No pictures belong in the copy. Retype exactly, and only, the stretch of lines below from the one with "Mango butter, good" through the one with "Кроме того, это".

--------

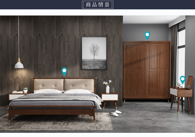 梵宜北欧の軽奢な実木のダブルベッドは1.5/1.8メートル*2メートルで簡単に現代の王女が結婚します。大型ベッドの小型ベッドルームは簡単なシングルベッドです。
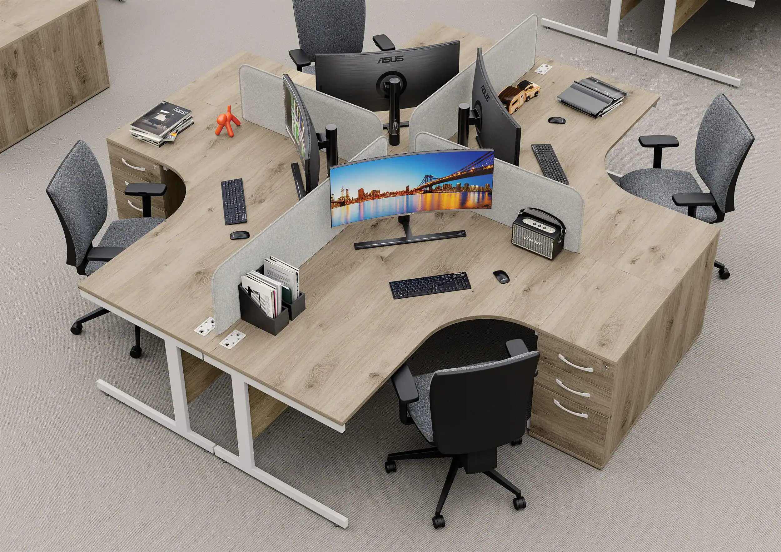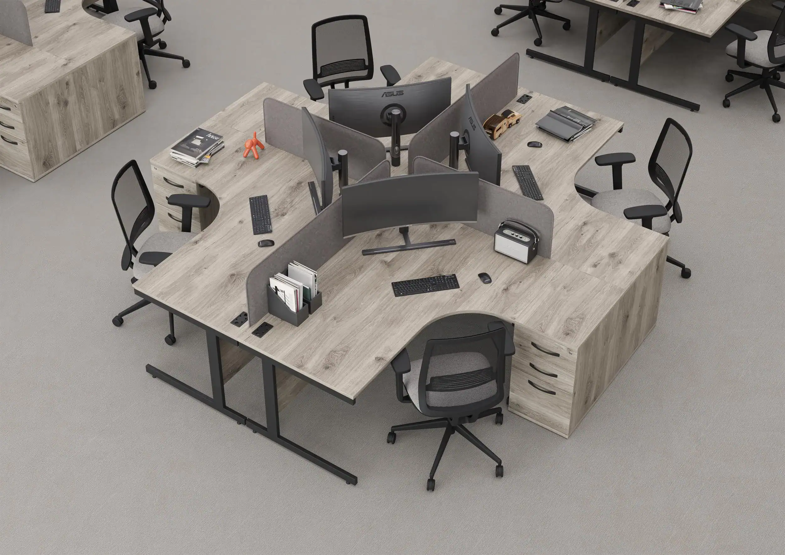 Combination desks provide a more contemporary option within the range, and all desks come with metal fixings and adjustable feet as standard. Optional links and cable management solutions allow the range to be tailored to suit individual workspace requirements.
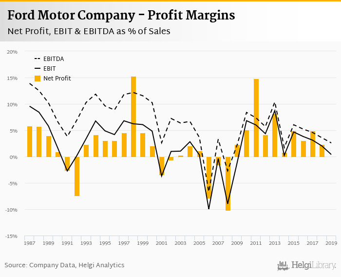 Ford Motor Company made a net profit of USD 47.0 mil with revenues of USD 155,900 mil in 2019, down by 98.7% and down by 2.77%, respectively, compared to the previous year.
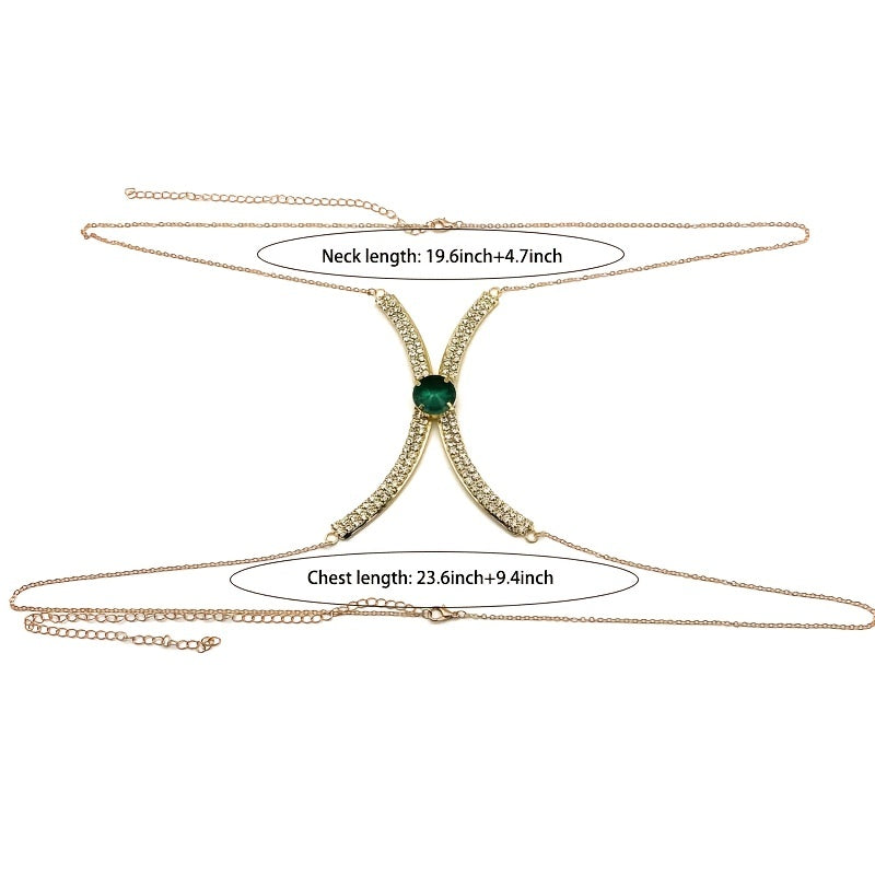This sexy chest chain with inlaid rhinestones is the perfect accessory for your summer beach outfit.
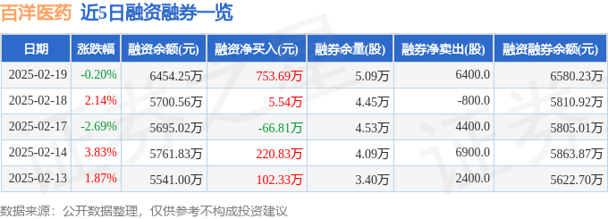 百洋医药融资融券信息显示,融资方面,当日融资买入1414.1万元,融资偿还660.42万元,融资净买入753.69万元。融券方面,融券卖出6500.0股,融券偿还100.0股,融券余量5.09万股,融券余额125.98万元。融资融券余额6580.23万元。
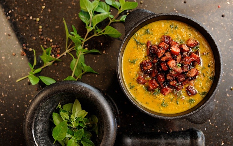 Odmierzyć około 0,5 l rosołu, dodać warzywa z rosołu i mięso, pokrojoną w kostkę dynię, bazylię, lubczyk, czosnek, pieprz i miksować to całe towarzystwo, aż do uzyskania szorstkiej konsystencji. Szorstkiej nie gładkiej, ma być po śląsku!
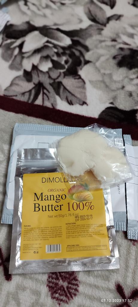 Mango butter, good quality, I buy it not for the first time. I like it very much, it nourishes and moisturizes the skin well. Thank you!!
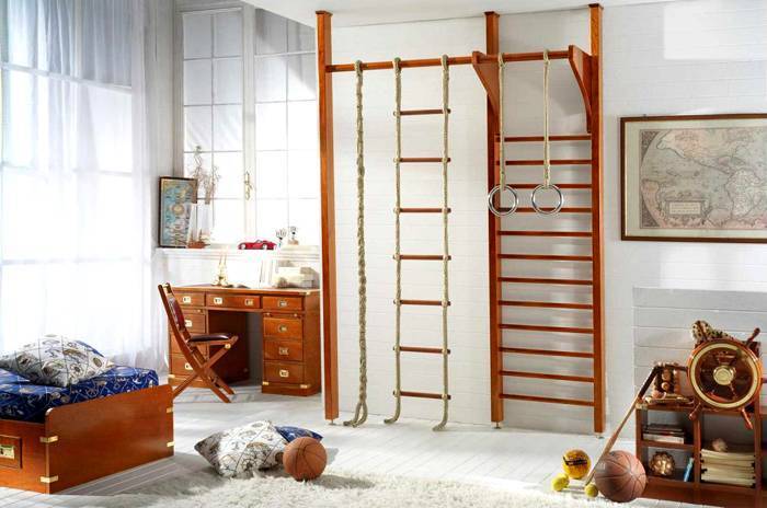 Кроме того, это улучает координацию, способствует укреплению рук. Как правило, шведская стенка – это главное приспособление любого детского уголка.
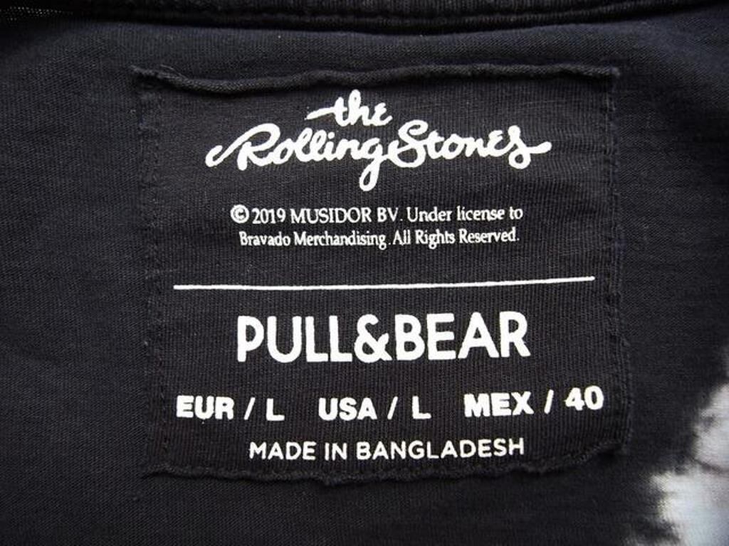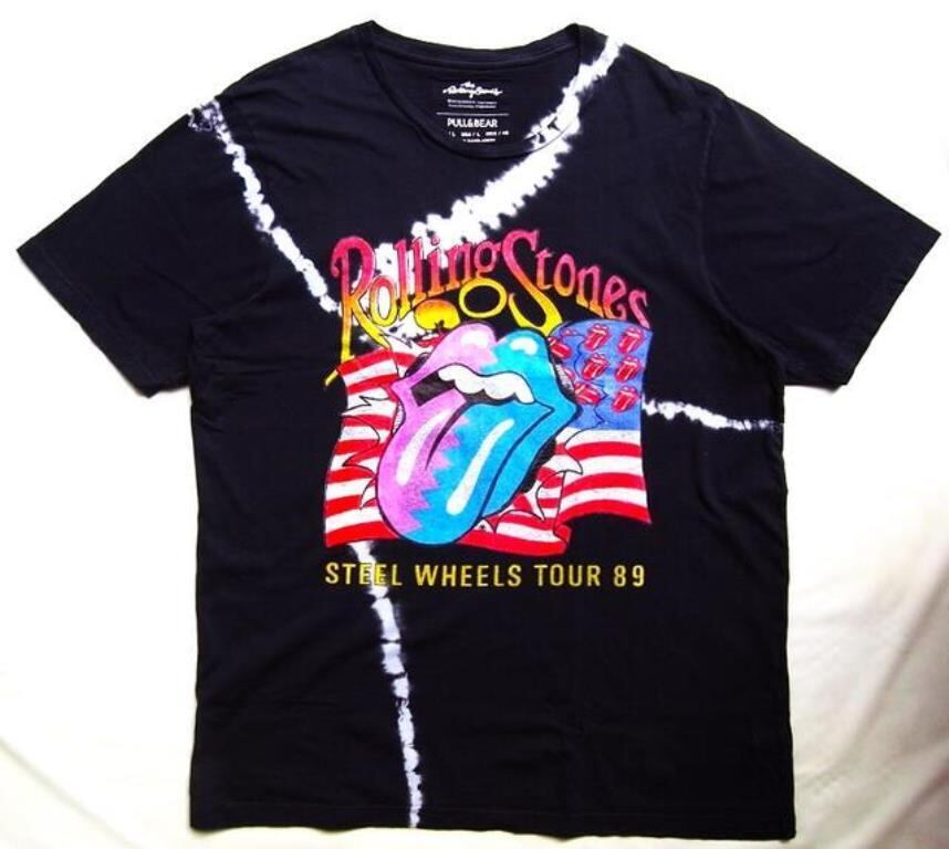 ●1962年から半世紀以上1度も解散することなく第一線で活躍を続ける、ロック界の最高峰に君臨するバンド”The Rolling Stones(ローリングストーンズ)”。ブラックボディーを稲妻のように抜染し、その上に1989年のアメリカツアー”STEEL WHEELS”のロゴを復刻プリントしたスペインのカジュアルブランド"PULL & BEAR"社オフィシャルティーシャツ。ちなみに1990年、日本初来日時の”東京ドーム10 days”はこの”US STEEL WHEELS 89”を基にしたセットリスト。そんなストーンズモノに”流行り廃り”はアリマセン!!
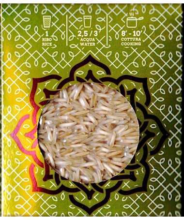 BASMATI INTEGRALE, riso aromatico coltivato in India alle pendici dell'Himalaya nella regione de Punjab, selezionato e stagionato per un anno. Il riso basmati è un riso a chicco lungo, ideale per accompagnare piatti etnici.
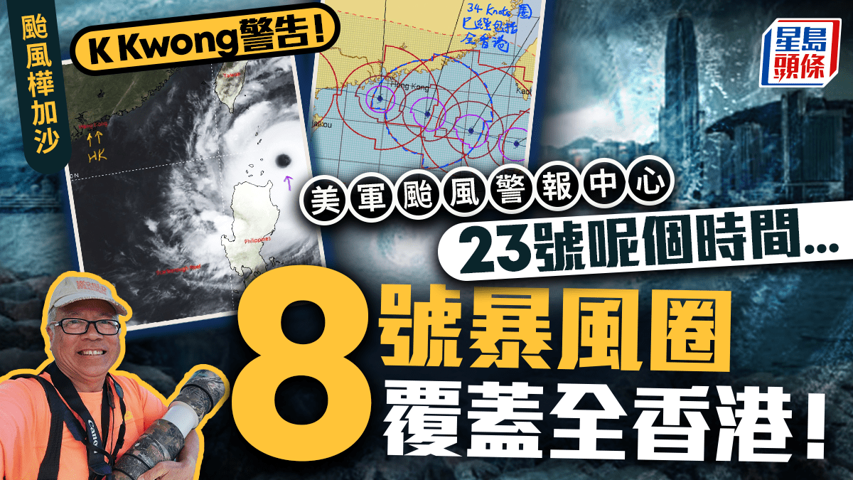 今日(22日),化學博士K Kwong在Facebook上發文,引用美國聯合颱風警報中心(JTWC)的報告,指超強颱風「樺加沙」將在周二(23日)晚上8時,將全港納入34 knots(63 km/h)的暴風圈範圍內,屆時全港料達8號風球風速。
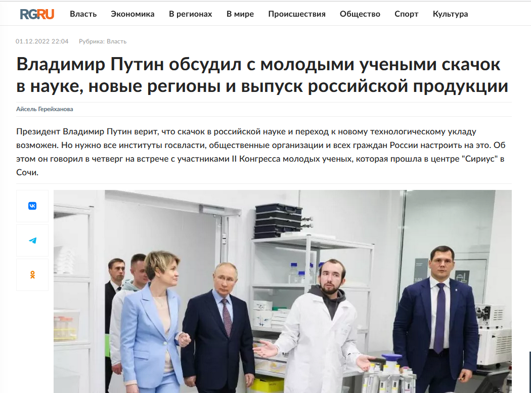 Как пишет официальное издание правительства РФ "Российская газета", Путин "верит, что скачок в российской науке и переход к новому технологическому укладу возможен. Но нужно все институты госвласти, общественные организации и всех граждан России настроить на это".
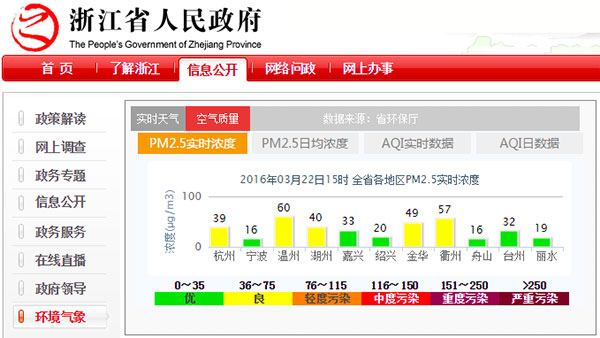 7.推进环境保护信息和环境监管执法信息公开。推进空气、水环境质量信息公开,实时发布全省153个空气质量监控点位空气质量指数(AQI)值及未来24小时的空气质量预报,以及全省81个建有水质自动监测站的饮用水水源地的水质自动监测更新信息。建立浙江省企业自行监测信息公开平台,每季度上网公布重点污染源监督性监测报告,每月公布30万千瓦以上火电厂监督性监测数据及超达标情况。加大环境执法检查依据、内容、标准、程序和结果公开力度,公开挂牌督办信息4条。公开违法违规单位及行政处罚决定书,加强突发环境事件信息公开。
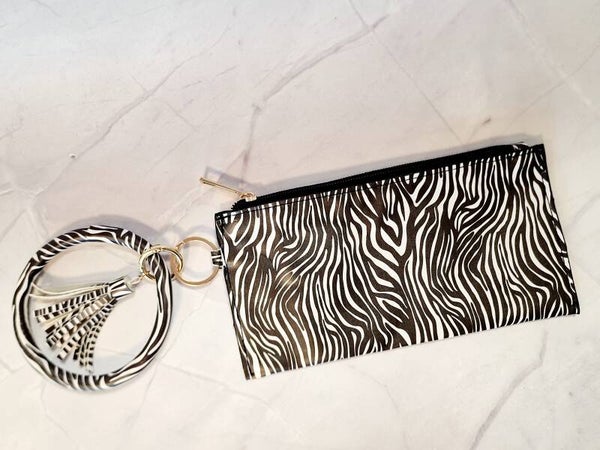 Klein tasje met decoratieve ring, en voorzien van een ritsluiting.
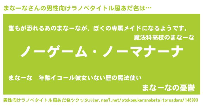 | ヒーロー風カッコイイあだ名 | 『愛の使者まなーな』『ネオマナーナ』 |
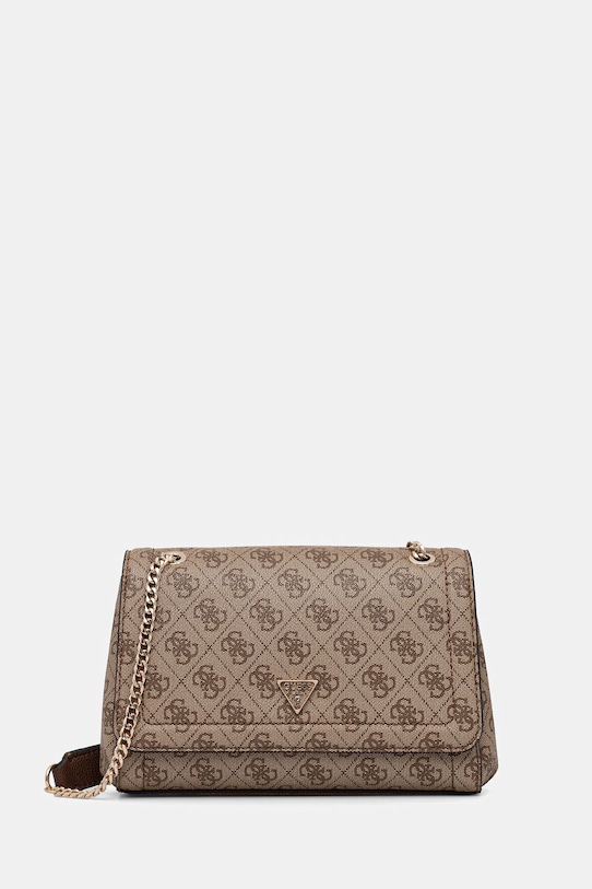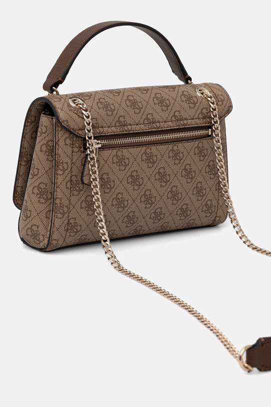 Сумка среднего размера из коллекции Guess. Модель на молнии, выполнена из экокожи. - Входящий в комплект тканевый чехол защищает изделие от пыли. - Клапан застегивается на магнит. - Имеет три отделения. - Отделения для карт. - Внутренний карман на молнии. - Не подходит для формата А4. - Карман на молнии на задней стороне позволяет безопасно хранить мелкие предметы. - Несъемный, регулируемый ремешок. - Глубина: 6 см. - Высота: 15 см. - Ширина у основания: 23 см.

--------

== EXERCISE RESPONSE ==
 Mango butter, good quality, I buy it not for the first time. I like it very much, it nourishes and moisturizes the skin well. Thank you!!
 Кроме того, это улучает координацию, способствует укреплению рук. Как правило, шведская стенка – это главное приспособление любого детского уголка.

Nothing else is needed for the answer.